Furthermore, in CIT v. Podar Cement (P.) Ltd. 2002-TIOL-445-SC-IT-LB it was held that where there are two possible interpretations of a particular section which is akin to a charging section, the interpretation which is favourable to the assessee should be preferred while construing that particular provision. In CIT v. Vegetable Products Ltd 2002-TIOL-574-SC-IT-LB it has been held that if the Court finds that the language of taxing provision is ambiguous or capable of more meaning than one, then the Court has to adopt the interpretation which favours the assessee.
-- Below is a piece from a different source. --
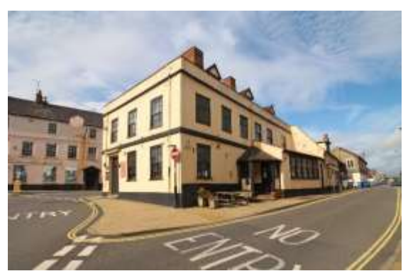
Broad Street and Market Place facades of The Three Tuns, No.2 Earsham Street

twentieth century and is not included within the listing. Hipped plain tile roof with two massive red brick ridge stacks, and three flat roofed dormers to the Earsham Street façade. Faced in painted red brick with a plat band below the first-floor windows, and a high plinth. Four first floor original leaded mullion transom windows to Broad Street front, the rest being sashes in flush frames in replacement of the originals, flat arches. At ground floor, former garage, and butcher's shop with wood fronts. Earsham Street façade of seven bays with a centrally placed six-panelled door with an arched fanlight (now blank) in a wooden case with Doric columns and an open pediment.

Tribunal in this regard,in the case of Thyssennkrupp(supra),stated "It is a well settled position in law that while interpreting statutes, no words can be added or removed/deleted from the statute. As held by Rowlatt J., "in a taxing statute one has to look merely at what is clearly said. There is no room for any intendment. Nothing is to be read in, nothing is to be implied. One can only look fairly at the language used." If, we apply this principle to the formula prescribed in sub-rule (3A), there is no scope for interpreting the term "P" otherwise. If the formula leads to an anomalous situation, the remedy lies in amending the provisions of the statute and the judiciary is helpless."
Accordingly, it held that the wordings of CCR, 2004 are clear and do not contain any ambiguity.
But is this provision really without any ambiguity?
The Explanation II states that credit of services used exclusively for provision of exempted services will not be permitted. A logical inference of this would be that services which are used exclusively for provision of taxable services should be allowed.
This supposition would automatically lead one to infer that proportionate reversal should be only of services used commonly for provision of taxable and exempted services.
It seems that the Tribunal has opened the gates of litigation & only a clarification from the Central Board of Excise & Customs in favour of the assessee should provide some relief as a soothing balm. But, the CBEC rarely is known for such generosity!